The Moment I Knew I Was Fat

I stood on the scale, perfectly aware that I was being judged. This group of girls weren’t the loving, friendly, supportive kind that I would become friends with in the next year, these girls were malicious, backstabbing, and cruel.

They lived to make my life hell and kept pulling me back in with promises of being my best friend, inviting me to sleep overs, and encouraging me to hang out with them.

I was stuck.

I didn’t know any different. Wasn’t this friendship?

It was grade 6 and I was 11 years old. I was developing into a young girl, I had so many questions, and these were the girls that I turned to.

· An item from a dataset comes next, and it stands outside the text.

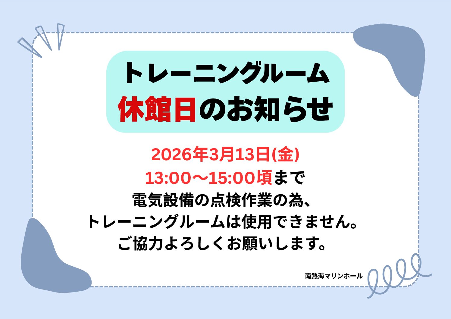 2026年2月9日 2月10日(火)ストレッチヨガ教室休講のお知らせ 2026年2月9日 2月10日(火)卓球教室休講のお知らせ 2026年2月9日 テニス月曜会練習会休講のお知らせ 2026年2月9日 ZUMBA・マットサイエンス休講のお知らせ 2026年2月8日 ボールピラティス休講のお知らせ 2026年2月8日 硬式シニアテニス(初級)休講のお知らせ 一覧を見る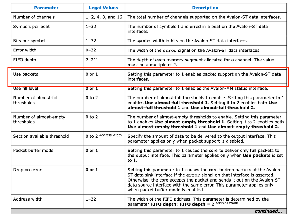 I'd like to use the multi-channel shared memory FIFO in my design. In the 20.2 version of the Embedded Peripherals IP User Guide, the chapter describing the usage of the core states several options that do not appear to be visible when configuring the core in Platform Designer. Of note, is the missing option to enable/disable packets (packets are enabled by default, I would this option disabled. The guide suggests this is possible).

So there I stood. On the scale while we all weighed ourselves.

I had been a small baby, tiny, and a small toddler. But come grade 5 I began to get chubby but I didn’t recognize it. I didn’t know I was chubby or that I was different than anyone else. Not until that very moment.

“You’re FAT!”

Their voices pierced my ears.

Was I fat?

“You weigh the most out of all of us, you’re so fat!”

It was true. I did weigh the most out of all of the girls. Perhaps I was fat. I must be.

I hung my head in shame and sat in the chair in the corner, ashamed of my body and myself.

Why didn’t I know this about myself, why did I get on the scale?

The rest of the night the girls shared dieting tips with me, told me how to lose weight, talked about how they didn’t need to diet because they were naturally skinny.

I had no idea the struggle I would face for years ahead of me.

I often think back to that moment and wonder, had it been treated differently would I still look at myself the same way?

Or would there be another moment?

I carefully tread with my daughter to teach her that everyone is different, not at all alike, and that is something we embrace. Because what a boring world we would have if we all looked the same.

I want her to build her friends up, encourage them to be their best selves, and love them for who they are.

And I hope that if she ever encounters a little girl sitting in the corner with her head down, sadness overwhelming her, that she’s the one who takes her hand and leads her to a new friendship.

Something I needed but didn’t come soon enough.